**What the exercise asks:**
Retype, word for word, the lines from the first line of the entries through the line that holds "白木黑冰原创设计鲸落鲸鱼尾925纯银个性复古开口戒指男女情侣戒"; leave out the pictures.

━━━━━━━━━━━━━━━━━━━━

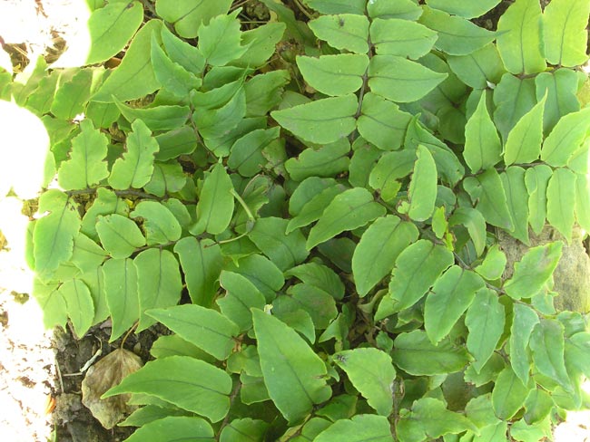 Die Cyrtomium auf Dirk Wiedersteins Seite haben Ähnlichkeit, aber meiner liegt flach am Boden, wächst gar nicht aufrecht. Aber vielleicht gibt es eine Cyrtomiumart, die dort nicht aufgeführt wird.
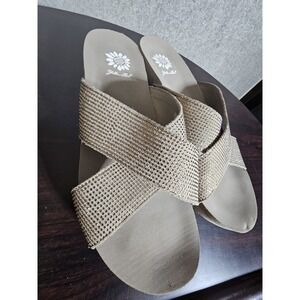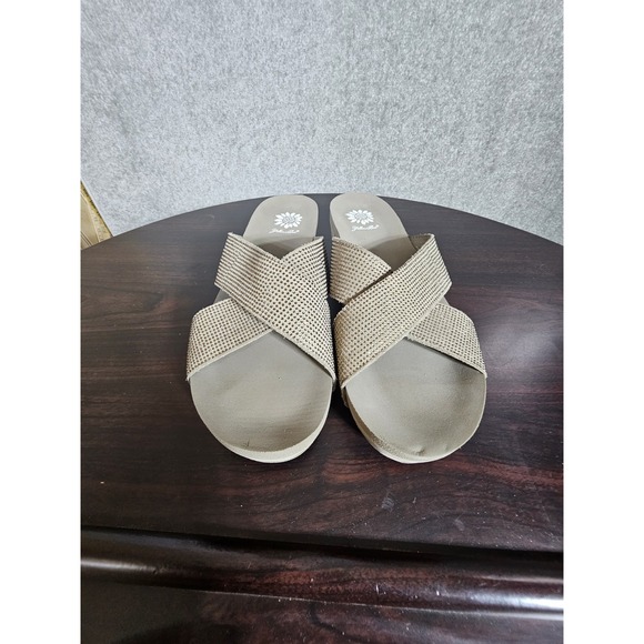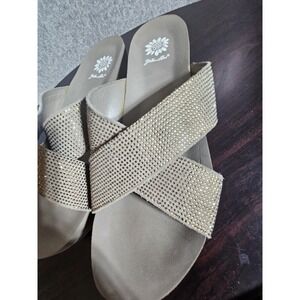 Yellow Box Maxima Slip On Sandals Flip Flops Womens Size 9.5 Leather Rhinestone
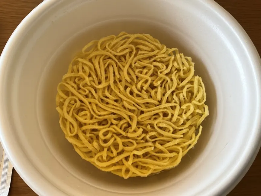 粉末スープを溶いている間にカレーの風味が広がります。いい香り、お蕎麦屋さんで先客がカレーうどんを食べていると思わずカレーうどんを注文しちゃう、あの感じ...期待が大きく膨らみます。
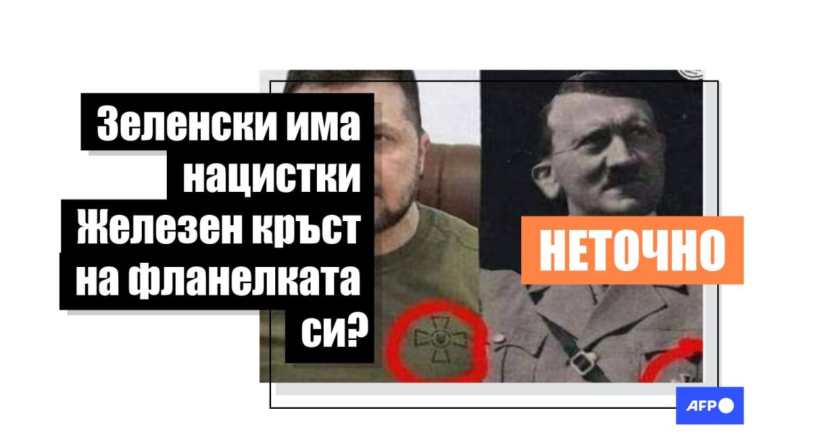 "Сигурно е Случайност", гласи Facebook публикация, споделяйки снимки на Зеленски и Хитлер. И на двете снимки е направено червено кръгче, за да се подчертаят два детайла - кръстът, изрисуван върху униформената тениска, която носи украинският президент, и медалът "Железен кръст" на ревера на нацисткия лидер. От 17 юли 2023 г. насам публикацията е споделена над 15 000 пъти.
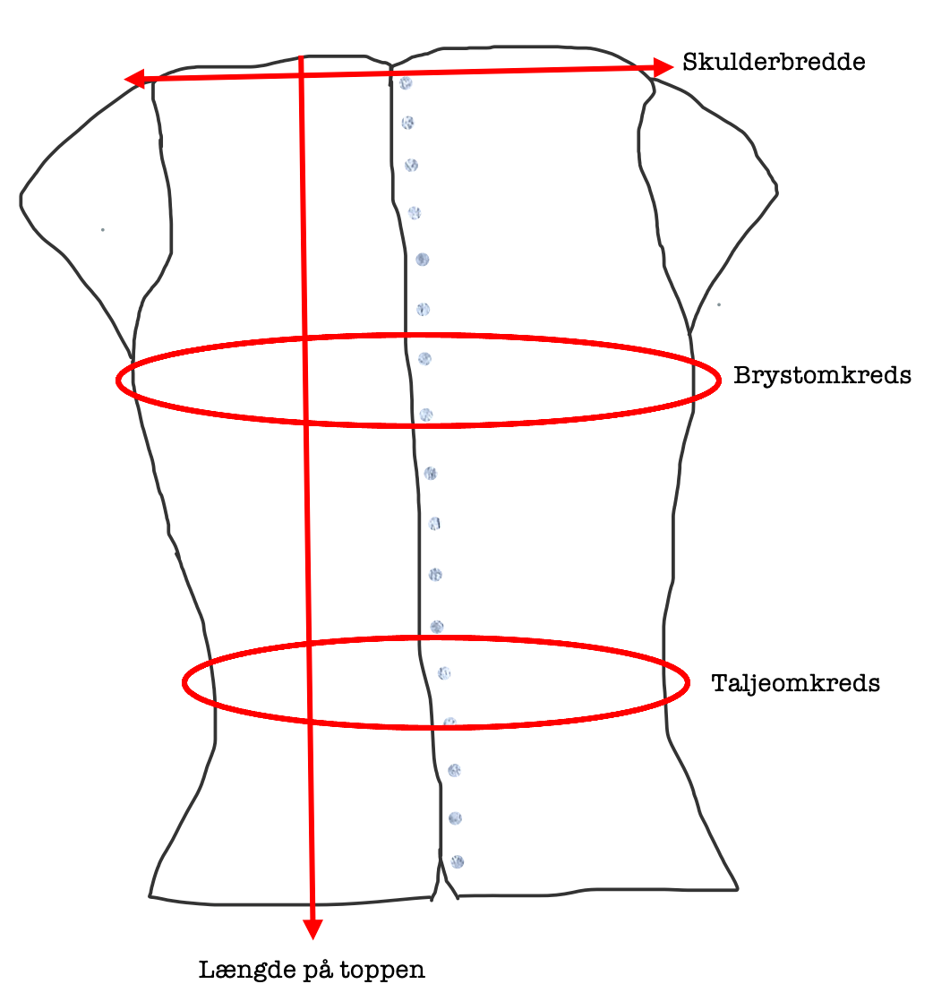 Brystomkreds (bredeste sted, målt på egen krop): (74-79) 80-84 (85-90) 91-95 (96-100) 101-105 (106-112) 113-119 (120-128) 129-137 cm
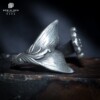 白木黑冰原创设计鲸落鲸鱼尾925纯银个性复古开口戒指男女情侣戒
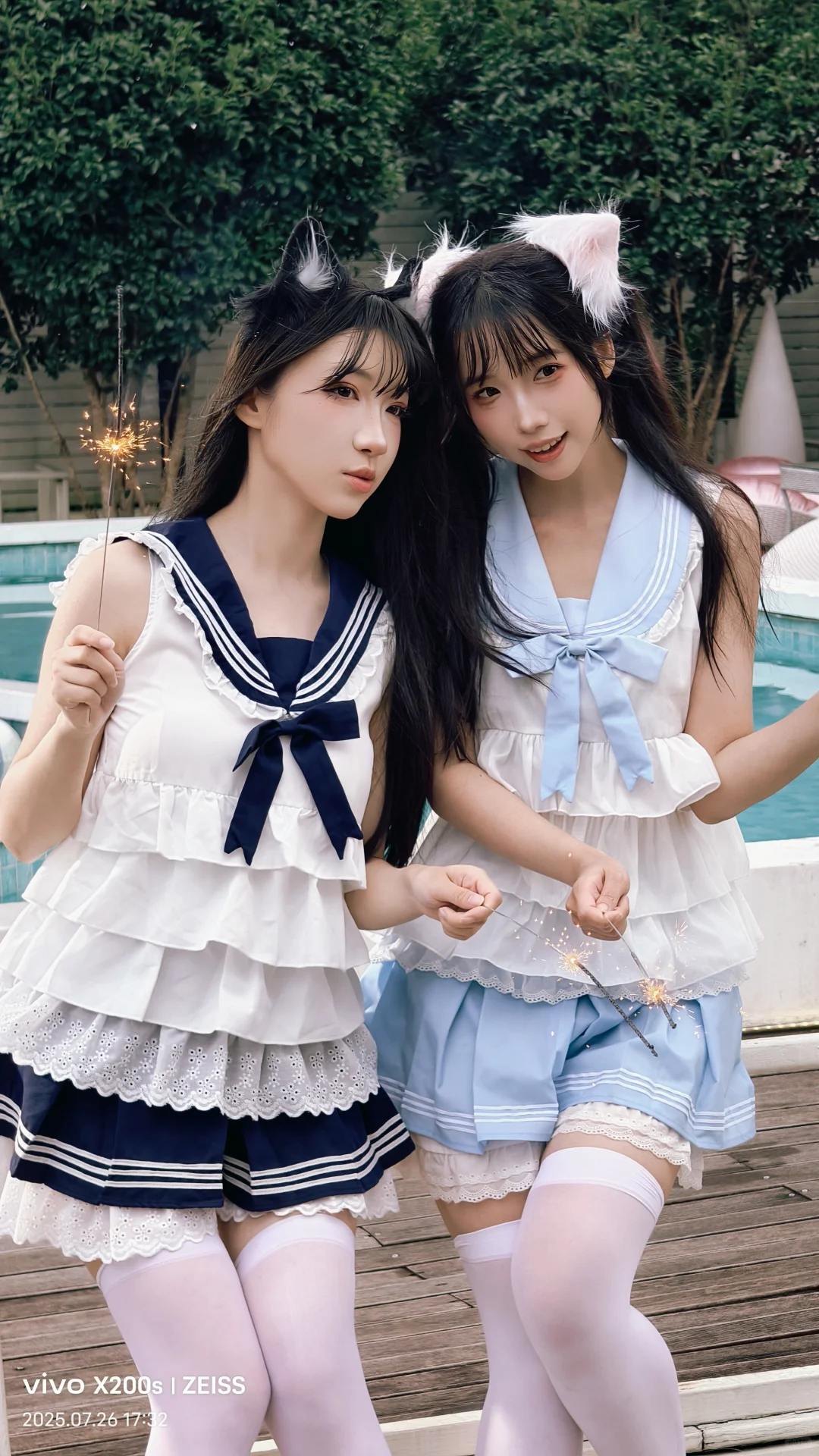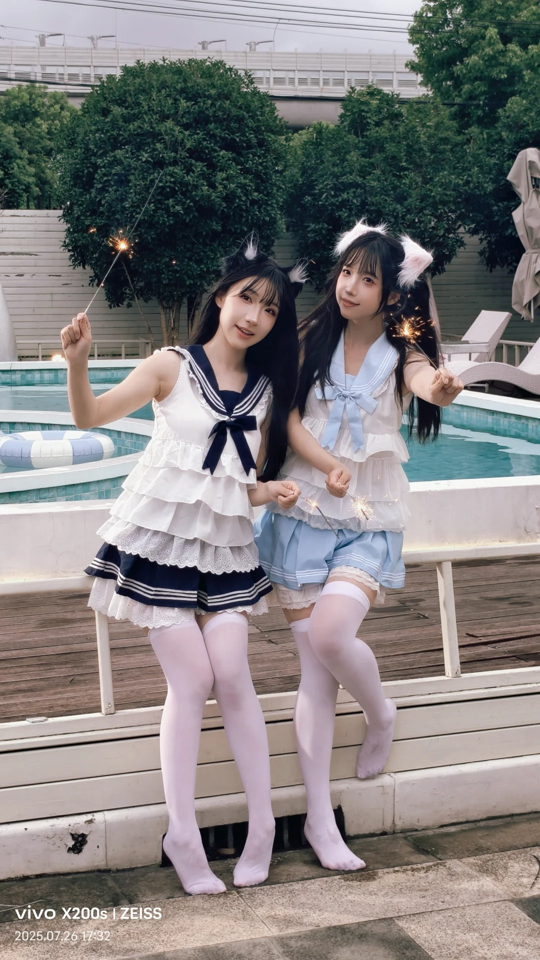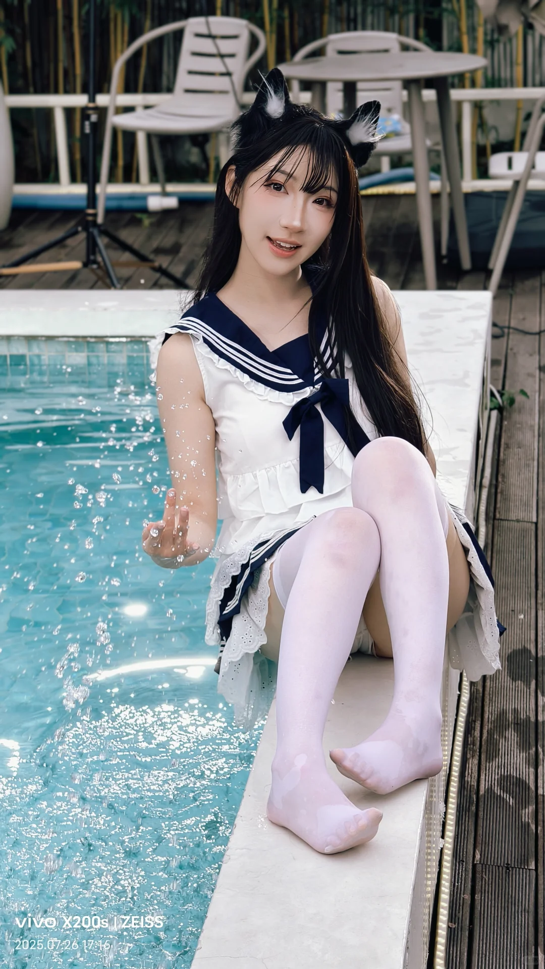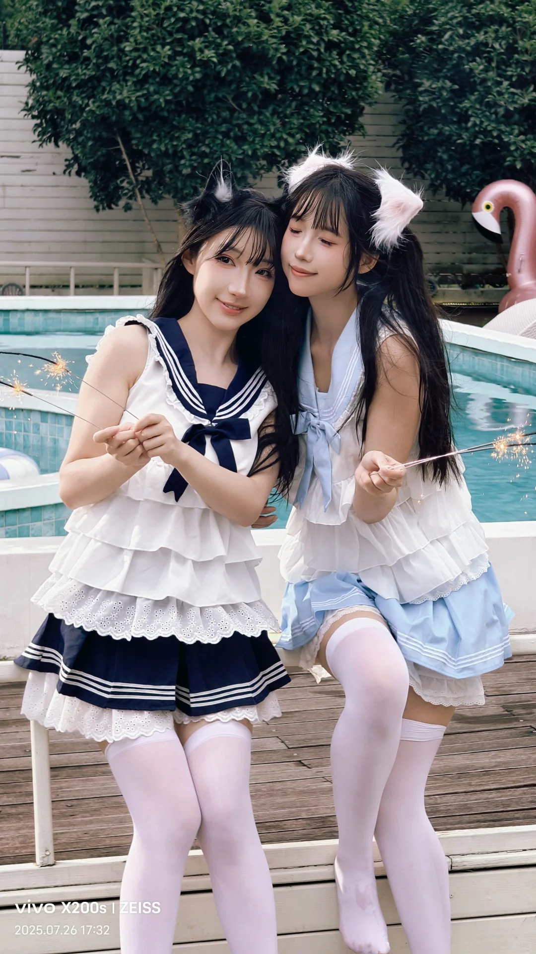 【泳池边的奶糖味心动💗】\n阳光33℃+,我把海盐汽水的气泡声留在了身后,只带了两件小东西:\n1️⃣ 奶油白丝绑带lolita娃娃裙 还有学院风水手服lolita裙(小心机:尾巴在腰后,转身才会被看到哦)\n2️⃣ 一杯加冰的草莓椰乳(用来降温,也用来当拍照道具📸)\n \n镜头拉近,裙摆飘起来像没拆开的奶糖纸,白丝在脚踝晃呀晃,踩水时溅起的碎钻光斑比高光还闪。\n \n📌tips:\n- 发带选同色蕾丝,低头整理头发的瞬间=纯欲绝杀\n- 滤镜用“胶片负片”,把泳池蓝调成薄荷冰淇淋色\n设备vivoX200s\n如果是相机拍摄 需要快门在1/250以上才能拍出水珠的效果\n虽然X200s是V2芯片 但是ai背景的效果杠杠的\n@vivo @宝矿力水特\n@摄影薯 @生活薯 @薯队长 #泳池写真 #泳装 #泳装ootd #白丝控 #一起来玩水吧
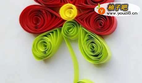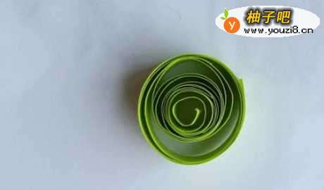 4把衍纸一端卷起来,另一端就不用卷,卷的那一端放在花心哪里,没卷的那一端当花梗。
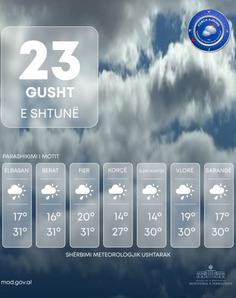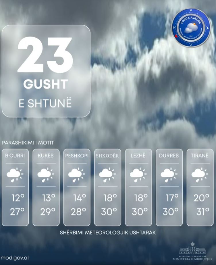 Moti parashikohet fillimisht me kthjellime si dhe vranësira të pakta kalimtare ndërsa prej orëve të mesditës deri ato të pasdites vonë mot me vranësira mesatare deri të dendura si dhe intervale të herëpashershme me diell.
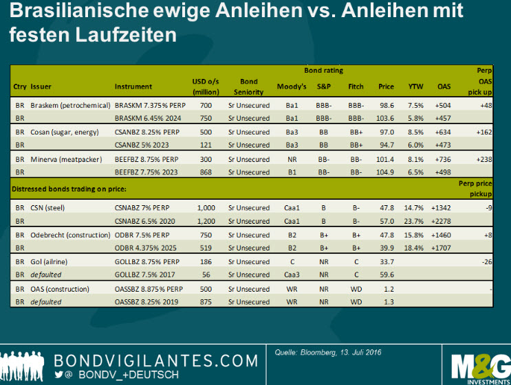 Sorgfältige Besitzer von ewigen Anleihen in Brasilien sollten unter Umständen ihre Anleihenratings intern um eine Stufe senken und sicherstellen, dass sie für ihre Risiken entschädigt werden. Dies umso in einem Land mit erhöhten Ausfallraten und einer hohen Wahrscheinlichkeit weiterer Umtausche von Verbindlichkeiten in den kommenden 12 bis 18 Monaten.

━━━━━━━━━━━━━━━━━━━━

**Output:**
 Die Cyrtomium auf Dirk Wiedersteins Seite haben Ähnlichkeit, aber meiner liegt flach am Boden, wächst gar nicht aufrecht. Aber vielleicht gibt es eine Cyrtomiumart, die dort nicht aufgeführt wird.
 Yellow Box Maxima Slip On Sandals Flip Flops Womens Size 9.5 Leather Rhinestone
 粉末スープを溶いている間にカレーの風味が広がります。いい香り、お蕎麦屋さんで先客がカレーうどんを食べていると思わずカレーうどんを注文しちゃう、あの感じ...期待が大きく膨らみます。
 "Сигурно е Случайност", гласи Facebook публикация, споделяйки снимки на Зеленски и Хитлер. И на двете снимки е направено червено кръгче, за да се подчертаят два детайла - кръстът, изрисуван върху униформената тениска, която носи украинският президент, и медалът "Железен кръст" на ревера на нацисткия лидер. От 17 юли 2023 г. насам публикацията е споделена над 15 000 пъти.
 Brystomkreds (bredeste sted, målt på egen krop): (74-79) 80-84 (85-90) 91-95 (96-100) 101-105 (106-112) 113-119 (120-128) 129-137 cm
 白木黑冰原创设计鲸落鲸鱼尾925纯银个性复古开口戒指男女情侣戒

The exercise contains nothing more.